Le Bénin sur trois pas de danse

Qui regarde le ciel du fond d’un puits n’en voit qu’un pan. Pour dire que ce qui nous est donné à voir varie en fonction de nos différents angles de vision. Tout dépend de là où nous sommes. 

Journaliste et observateur de la scène sociopolitique nationale, opérant depuis notre bureau à Cotonou, nous ne pouvons avoir qu’une vision réduite du Bénin. Mais pas une vision réductrice. Comprenons-nous bien. Alors, de là où nous sommes et selon notre angle de vision, quel Bénin avons-nous sous nos yeux, ces jours derniers ?
Un Bénin à trois dimensions. Première dimension, un Bénin accroché à son coton avec l’énergie du désespoir. Deuxième dimension, un Président qui sillonne, infatigable, les champs du Bénin profond. Troisième dimension, des déclarations de soutien au chef de l’Etat, en réponse à ceux qui ont trouvé à redire à son interview du 1er août.

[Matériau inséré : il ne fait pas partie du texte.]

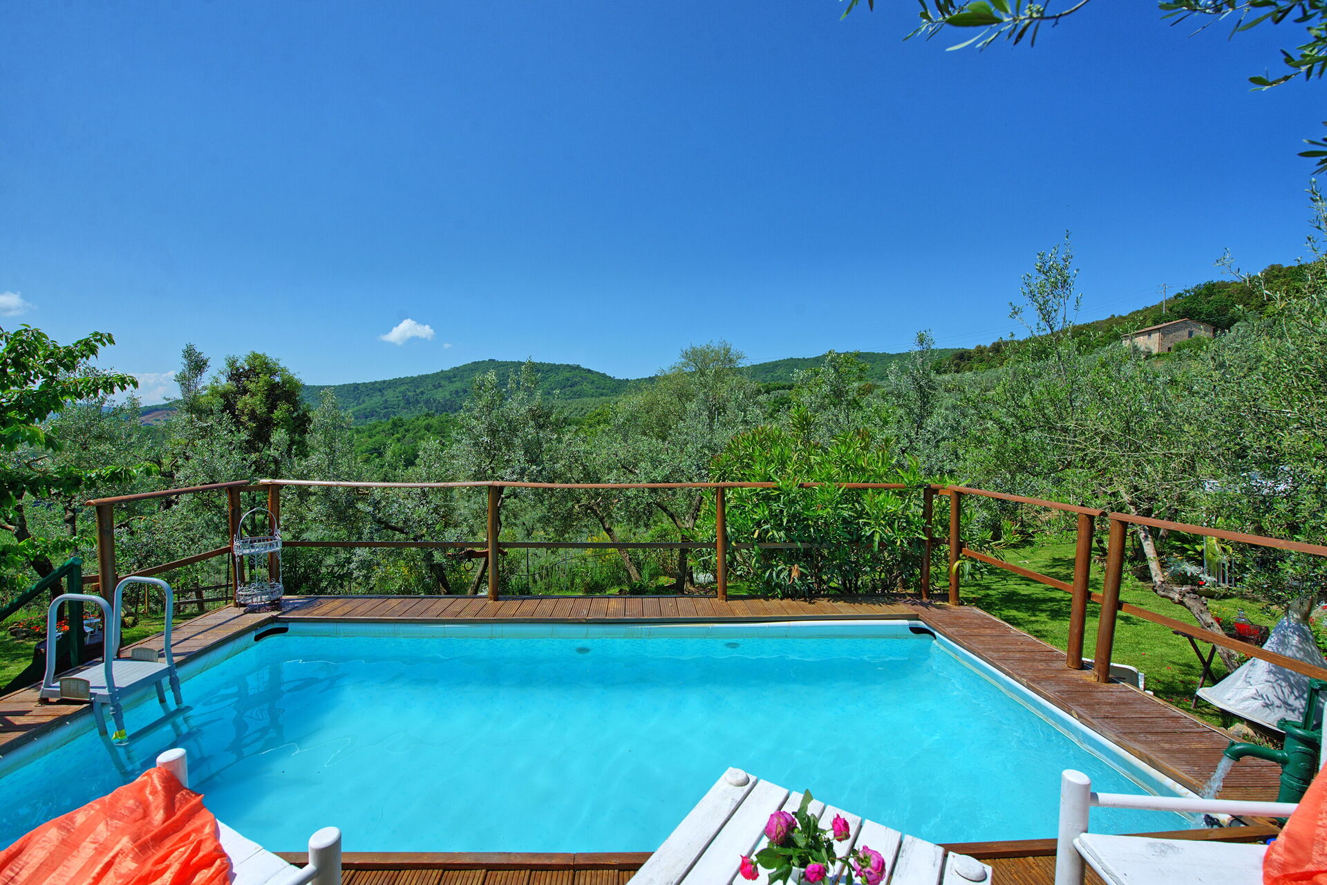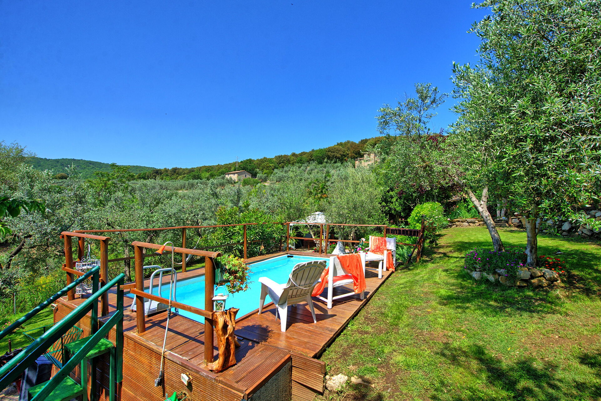 We liked this house very much: it was charming decorated, every room had nice surprising decorations, really Tuscan ! Very special was the lovely garden which was 100 m away from the house. It was a big garden, with a beautifull vieuw and and small but refreshing nice swimmingpool.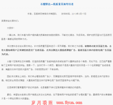在百度推出绿萝算法之后,在2013年5月17日,百度再次升级算法推出了石榴算法,当然在石榴算法上线,让很多的站长产生了议论,究竟石榴算法的寓意是什么?从百度公告不能看出,百度的石榴算法最终目的是终结低质量页面,让垃圾广告页面靠边站。公告如下: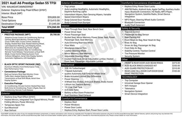 2021 Audi A6 3.0T Prestige quattro Daytona Gray Pearl Odometer is 2965 miles below market average! 22/29 City/Highway MPG

Concédons que chacune de ces trois dimensions est importante. Mais que la vie de tout un pays y soit suspendue, cela nous pose problème. Pourquoi ? Parce que, d’une part, les priorités du Bénin et des Béninois dépassent cette courte liste de préoccupations. Parce qu’il y a, d’autre part, autour de ces trois dimensions des choses une débauche d’énergie que rien ne justifie. Parce que, enfin, les actions engagées ou qui s’engagent nous paraissent de circonstance. N’ayant pas pris leur essor à partir d’une réflexion prospective, ces actions n’embrayent pas sur notre avenir commun. 

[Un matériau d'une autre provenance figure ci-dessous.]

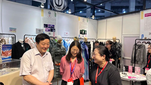 ![]() 展會期間,中國紡織工業聯合會原副會長、紡織之光科技教育基金會原理事長許坤元、陳樹津,中國紡聯黨委副書記陳偉康,中國紡聯紀委書記王久新,中國紡聯副會長陳大鵬,紡織之光科技教育基金會捐贈人、主席團主席楊勛等領導與嘉賓來到活動展區走訪參觀,并對參展院校師生給予肯定和激勵。紡織之光科技教育基金會理事長葉志民,中國紡織服裝教育學會會長倪陽生等在活動現場介紹了相關情況。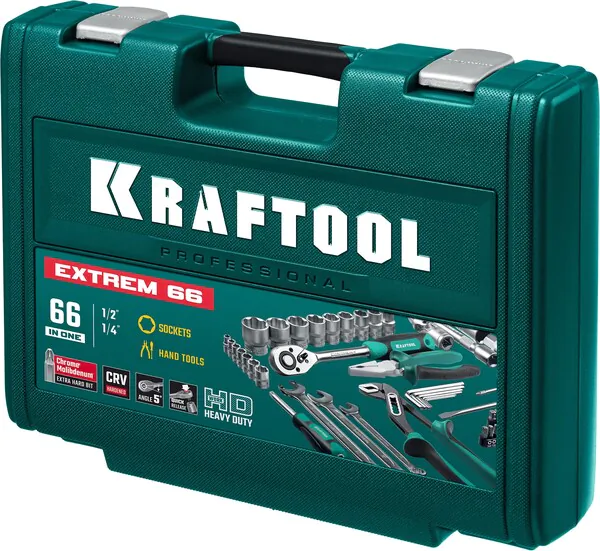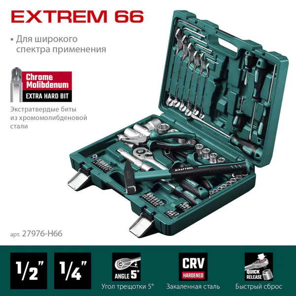 Набор инструмента универсальный KRAFTOOL EXTREM-66, 66 предм., 1/2″+1/4″ 27976-H66_z01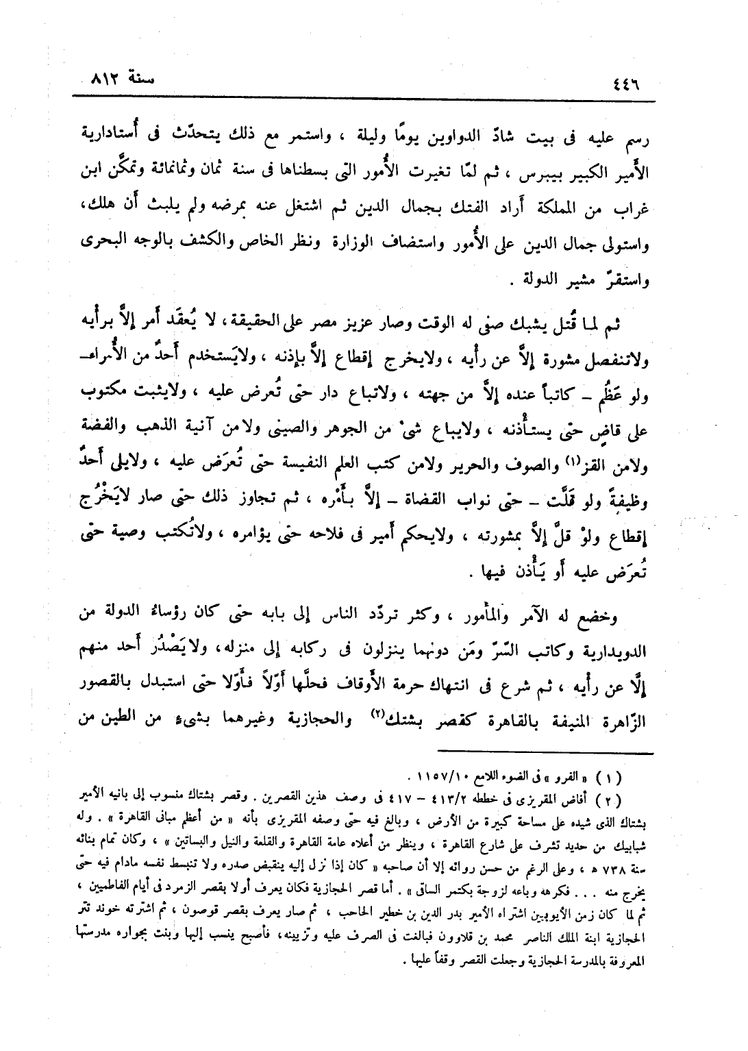 رسم عليه في بيت شاد الدواوين يوماً وليلة واستمر مع ذلك يتحدث في أستادارية الأمير الكبير بيبرس، ثم لما تغيرت الأمور التي بسطناها في سنة ثمان وثمانمائة وتمكن ابن غراب من المملكة أراد الفتك بجمال الدين، ثم اشتغل عنه بمرضه ولم يلبث أن هلك، فاستولى جمال الدين على الأمور واستضاف الوزارة ونظر الخاص والكشف بالوجه البحري واستقر مشير الدولة، ثم لما قتل يشبك صفا الوقت له وصار عزيز مصر على الحقيقة، لا يعقد أمر إلا به ولا تفصل مشورة إلا عن رأيه، ولا تخرج إقطاع إلا بإذنه، ولا يستخدم أحد من الأمراء ولو عظم كاتباً عنده إلا من جهته، ولا تباع دار حتى تعرض عليه، ولا يكتب مكتوب على قاض حتى يستأذنه، ولا يباع شيء من الجوهر والصيني ولا من آنية الذهب والفضة ولا من الفرو والصوف والحرير ولا من كتب العلم النفيسة حتى يعرض عليه، ولا يلي أحد وظيفة ولو قلت حتى نواب القضاة إلا بأمره، ثم تجاوز ذلك حتى صار لا يخرج إقطاع ولو قل إلا بمشورته ولا يحكم أمير في فلاحه حتى يؤامره، ولا تكتب وصية حتى تعرض عليه أو يأذن فيها، وخضع له الآمر والمأمور، وكثر تردد الناس إلى بابه حتى كان رؤساء الدولة من الدويدارية وكاتب السر ومن دونهما ينزلون في ركابه إلى منزله، ولا يصدر أحد منهم إلا عن رأيه، ثم شرع في انتهاك حرمة الأوقاف فحلها أولاً فأولاً حتى استبدل بالقصور الزاهرة المنيفة بالقاهرة كقصر يشبك والحجارية وغيرهما بشيء من الطين من

L’artillerie lourde déployée  par le Bénin sur la question du coton est à la hauteur des enjeux. Compte tenu de la place actuelle de cette denrée dans son économie. Une campagne perdue aurait eu des conséquences incalculables. Mais tout ce qui se fait sur et à partir du coton ces jours-ci nous conduit davantage à réagir qu’à agir. Nous colmatons plus que nous ne construisons vraiment. C’est un Bénin acculé qui se bat et se débat bec et ongle, laissant en suspens des problèmes de fond.

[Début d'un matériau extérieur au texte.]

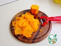Тыкву очистить от кожуры и семечек. Тонко нарезать пластинками (я это делала с помощью терки). |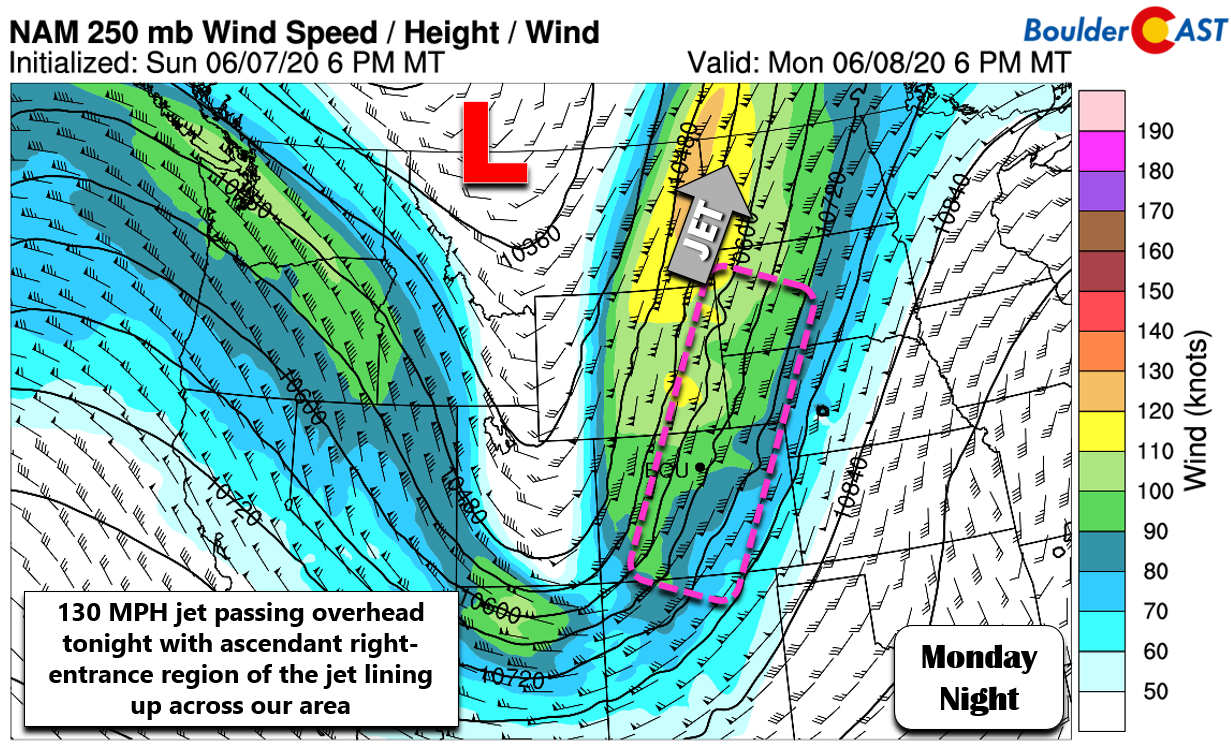The net result will be a favorable period for rain across the Boulder and Denver area from the late evening into the overnight Monday night. A vast majority of model solutions have the rain holding off until after 10PM, so it really will be a mostly overnight event. However, with the jet approaching, it wouldn’t be surprising to see a few storms fire a little earlier, especially further north in the higher terrain near the Wyoming border. In any case, the overnight period into early Tuesday will offer a good chance of rainfall region-wide.

Ne devons-nous pas nous soucier de produire sur place une partie de nos intrants ? Il est dit que le Bénin, sur ce plan, reste encore une exception, au regard des autres pays producteurs de coton de la sous-région. Ne devons-nous pas nous préoccuper de diversifier nos sources d’approvisionnement en produits phytosanitaires ? Ne devons-nous pas nous obliger à créditer notre coton d’une valeur ajoutée par la transformation de tout ou partie de la matière première en produits finis made in Bénin ?  Par-dessus tout, il y a la question de notre agriculture. Elle est à engager en termes de relève paysanne, avec de jeunes agriculteurs modernes, de législation foncière, de mécanisation, de diversification des filières, d’établissement des bases d’une agro-industrie…Tant que nous ne manifesterons pas notre présence sur ces créneaux de réflexion et d’action, il n’est pas sûr que le coton d’aujourd’hui garantisse la prospérité de demain.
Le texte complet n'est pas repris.